Multiplexing queries
In the Sources and Sinks page, we already discussed multiplexing as a way to
split a query into multiple sinks. This page will go a bit deeper in this concept, as it is
important to understand when combining LazyFrames with procedural programming constructs.
When dealing with eager dataframes, it is very common to keep state in a temporary variable. Let's
look at the following example. Below we create a DataFrame with 10 unique elements in a random
order (so that Polars doesn't hit any fast paths for sorted keys).
np.random.seed(0)
a = np.arange(0, 10)
np.random.shuffle(a)
df = pl.DataFrame({"n": a})
print(df)
shape: (10, 1)
┌─────┐
│ n │
│ --- │
│ i64 │
╞═════╡
│ 2 │
│ 8 │
│ 4 │
│ 9 │
│ 1 │
│ 6 │
│ 7 │
│ 3 │
│ 0 │
│ 5 │
└─────┘
Eager
If you deal with the Polars eager API, making a variable and iterating over that temporary
DataFrame gives the result you expect, as the result of the group-by is stored in df1. Even
though the output order is unstable, it doesn't matter as it is eagerly evaluated. The follow
snippet therefore doesn't raise and the assert passes.
# A group-by doesn't guarantee order
df1 = df.group_by("n").len()
# Take the lower half and the upper half in a list
out = [df1.slice(offset=i * 5, length=5) for i in range(2)]
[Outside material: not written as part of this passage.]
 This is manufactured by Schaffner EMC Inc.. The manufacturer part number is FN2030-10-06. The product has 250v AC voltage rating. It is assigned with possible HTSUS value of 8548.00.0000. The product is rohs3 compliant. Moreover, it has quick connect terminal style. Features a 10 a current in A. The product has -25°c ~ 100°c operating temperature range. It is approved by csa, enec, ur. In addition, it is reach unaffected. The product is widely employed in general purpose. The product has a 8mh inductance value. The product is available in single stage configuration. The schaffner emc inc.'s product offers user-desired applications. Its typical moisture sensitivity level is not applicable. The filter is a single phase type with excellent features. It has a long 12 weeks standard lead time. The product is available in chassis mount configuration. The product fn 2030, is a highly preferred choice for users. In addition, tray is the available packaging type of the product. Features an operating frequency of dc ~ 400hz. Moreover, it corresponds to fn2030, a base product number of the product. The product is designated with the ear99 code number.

# Assert df1 is equal to the sum of both halves
pl.testing.assert_frame_equal(df1, pl.concat(out))
Lazy
Now if we tried this naively with LazyFrames, this would fail.
lf1 = df.lazy().group_by("n").len()
out = [lf1.slice(offset=i * 5, length=5).collect() for i in range(2)]
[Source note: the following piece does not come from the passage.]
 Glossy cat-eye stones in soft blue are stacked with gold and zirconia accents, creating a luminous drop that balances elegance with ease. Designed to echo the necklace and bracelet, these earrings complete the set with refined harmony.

pl.testing.assert_frame_equal(lf1.collect(), pl.concat(out))
AssertionError: DataFrames are different (value mismatch for column 'n')
[left]: [9, 2, 0, 5, 3, 1, 7, 8, 6, 4]
[right]: [0, 9, 6, 8, 2, 5, 4, 3, 1, 7]
The reason this fails is that lf1 doesn't contain the materialized result of
df.lazy().group_by("n").len(), it instead holds the query plan in that variable.
This means that every time we branch of this LazyFrame and call collect we re-evaluate the
group-by. Besides being expensive, this also leads to unexpected results if you assume that the
output is stable (which isn't the case here).
In the example above you are actually evaluating 2 query plans:
Plan 1
Plan 2
Combine the query plans
To circumvent this, we must give Polars the opportunity to look at all the query plans in a single
optimization and execution pass. This can be done by passing the diverging LazyFrame's to the
collect_all function.
lf1 = df.lazy().group_by("n").len()
out = [lf1.slice(offset=i * 5, length=5) for i in range(2)]
results = pl.collect_all([lf1] + out)
pl.testing.assert_frame_equal(results[0], pl.concat(results[1:]))
If we explain the combined queries with pl.explain_all, we can also observe that they are shared
under a single "SINK_MULTIPLE" evaluation and that the optimizer has recognized that parts of the
query come from the same subplan, indicated by the inserted "CACHE" nodes.
SINK_MULTIPLE
PLAN 0:
CACHE[id: dc7555a5-6c1a-4e8a-8e62-b334212758ac]
simple π 2/2 ["n", "len"]
AGGREGATE[maintain_order: false]
[len()] BY [col("n")]
FROM
DF ["n"]; PROJECT["n"] 1/1 COLUMNS
PLAN 1:
SLICE[offset: 0, len: 5]
CACHE[id: dc7555a5-6c1a-4e8a-8e62-b334212758ac]
simple π 2/2 ["n", "len"]
AGGREGATE[maintain_order: false]
[len()] BY [col("n")]
FROM
DF ["n"]; PROJECT["n"] 1/1 COLUMNS
PLAN 2:
SLICE[offset: 5, len: 5]
CACHE[id: dc7555a5-6c1a-4e8a-8e62-b334212758ac]
simple π 2/2 ["n", "len"]
AGGREGATE[maintain_order: false]
[len()] BY [col("n")]
FROM
DF ["n"]; PROJECT["n"] 1/1 COLUMNS
END SINK_MULTIPLE
Combining related subplans in a single execution unit with pl.collect_all can thus lead to large
performance increases and allows diverging query plans, storing temporary tables, and a more
procedural programming style.